Extracted information >>
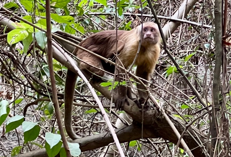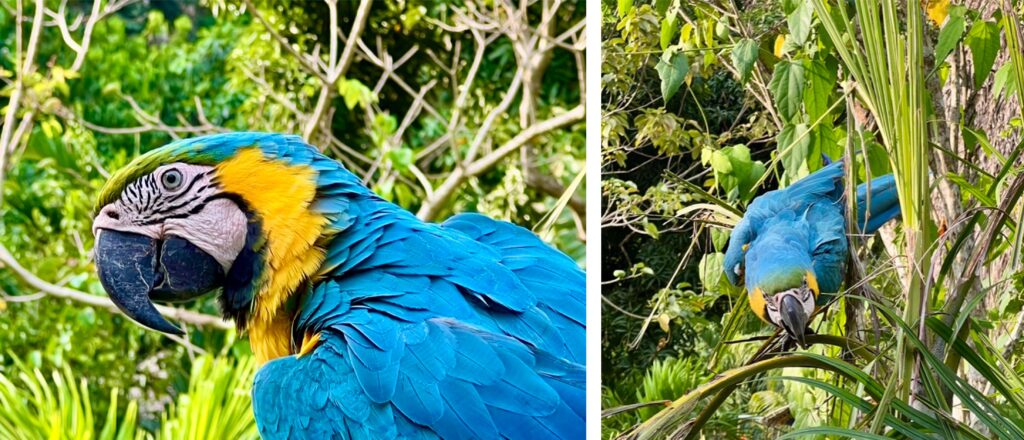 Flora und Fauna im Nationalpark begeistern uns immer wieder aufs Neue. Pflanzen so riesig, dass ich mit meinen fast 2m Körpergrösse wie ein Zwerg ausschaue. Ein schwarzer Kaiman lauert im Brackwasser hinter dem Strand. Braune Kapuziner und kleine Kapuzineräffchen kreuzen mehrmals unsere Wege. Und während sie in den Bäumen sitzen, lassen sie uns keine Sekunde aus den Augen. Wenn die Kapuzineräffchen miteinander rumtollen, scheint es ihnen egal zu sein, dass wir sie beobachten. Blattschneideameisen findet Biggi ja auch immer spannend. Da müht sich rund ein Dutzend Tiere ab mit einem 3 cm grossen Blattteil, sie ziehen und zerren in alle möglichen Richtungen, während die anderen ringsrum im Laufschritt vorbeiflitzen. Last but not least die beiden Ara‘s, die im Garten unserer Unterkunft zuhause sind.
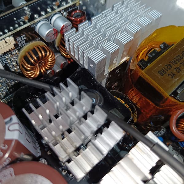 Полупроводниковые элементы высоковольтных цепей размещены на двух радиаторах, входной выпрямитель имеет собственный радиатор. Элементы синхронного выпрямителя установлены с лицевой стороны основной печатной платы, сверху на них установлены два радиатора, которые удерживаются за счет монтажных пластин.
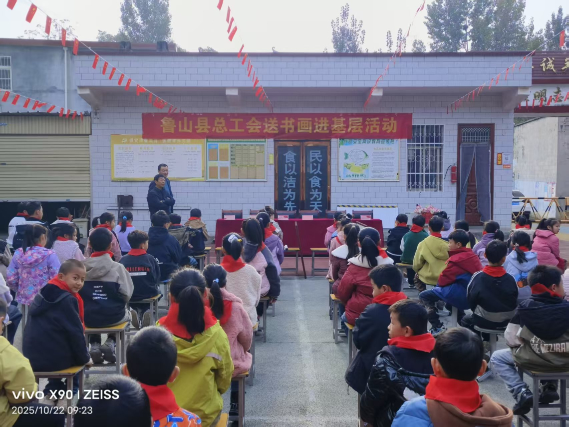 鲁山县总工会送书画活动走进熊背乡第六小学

==

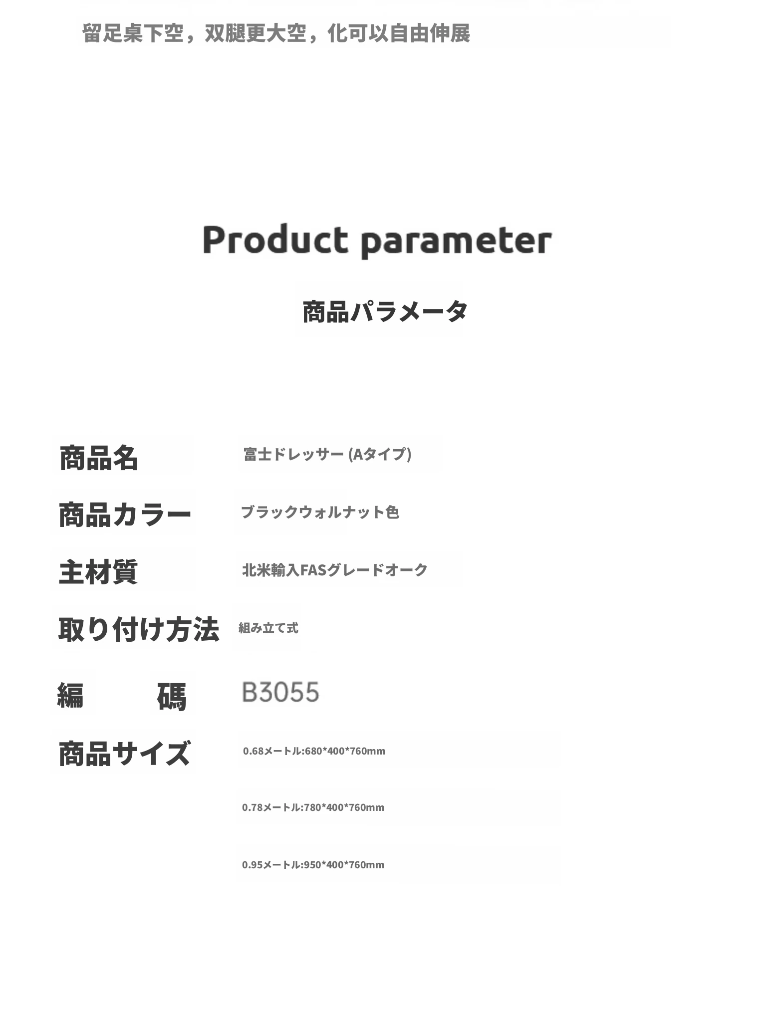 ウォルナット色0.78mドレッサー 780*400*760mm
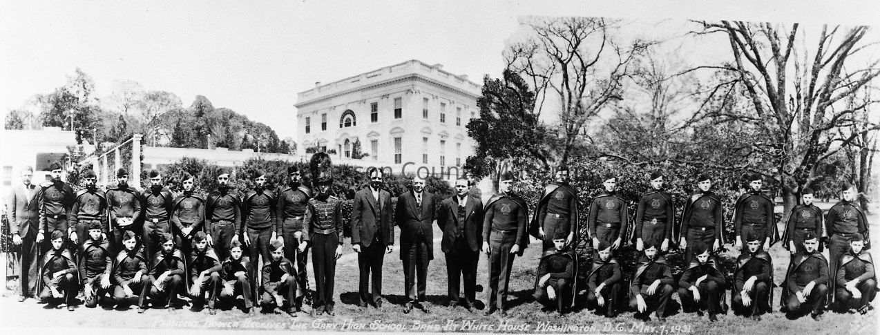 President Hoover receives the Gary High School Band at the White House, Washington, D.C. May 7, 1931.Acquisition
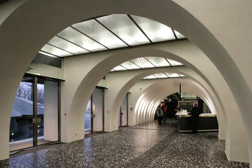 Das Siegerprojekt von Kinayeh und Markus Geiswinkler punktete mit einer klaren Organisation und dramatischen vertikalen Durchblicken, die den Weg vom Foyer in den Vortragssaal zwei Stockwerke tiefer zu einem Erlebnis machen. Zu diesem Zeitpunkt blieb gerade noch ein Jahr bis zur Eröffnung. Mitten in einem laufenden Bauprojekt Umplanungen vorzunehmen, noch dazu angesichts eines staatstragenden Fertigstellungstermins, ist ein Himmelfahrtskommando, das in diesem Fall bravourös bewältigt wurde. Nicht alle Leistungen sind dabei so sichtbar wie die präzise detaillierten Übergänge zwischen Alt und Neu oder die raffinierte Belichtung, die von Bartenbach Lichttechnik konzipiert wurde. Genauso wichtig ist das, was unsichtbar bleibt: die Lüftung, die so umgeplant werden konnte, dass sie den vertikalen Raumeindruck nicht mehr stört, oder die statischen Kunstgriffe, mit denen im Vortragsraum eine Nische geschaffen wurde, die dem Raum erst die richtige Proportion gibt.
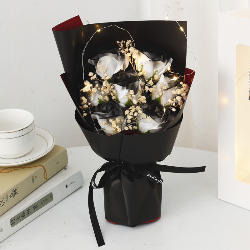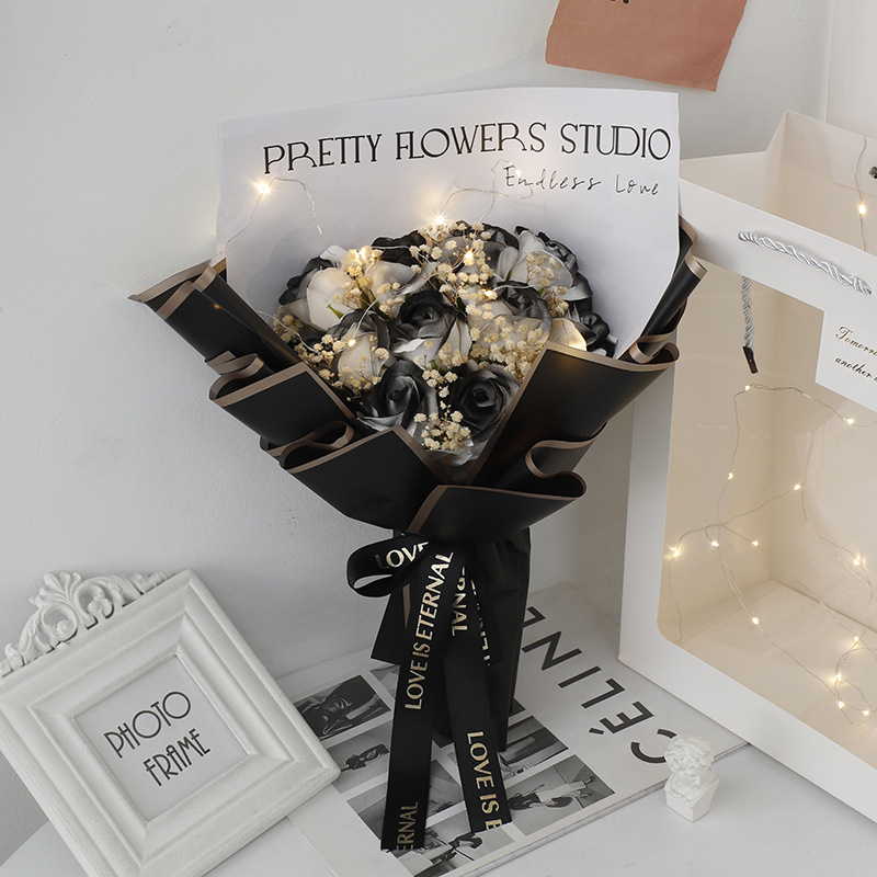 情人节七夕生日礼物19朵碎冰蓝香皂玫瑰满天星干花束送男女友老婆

What is required >>
Would you restate, exactly and with no pictures, the lines of the entries above from the one containing "ウォルナット色0.78mドレッサー 780*400*760mm" through the one containing "President Hoover receives"?

Final answer >>
 ウォルナット色0.78mドレッサー 780*400*760mm
 President Hoover receives the Gary High School Band at the White House, Washington, D.C. May 7, 1931.Acquisition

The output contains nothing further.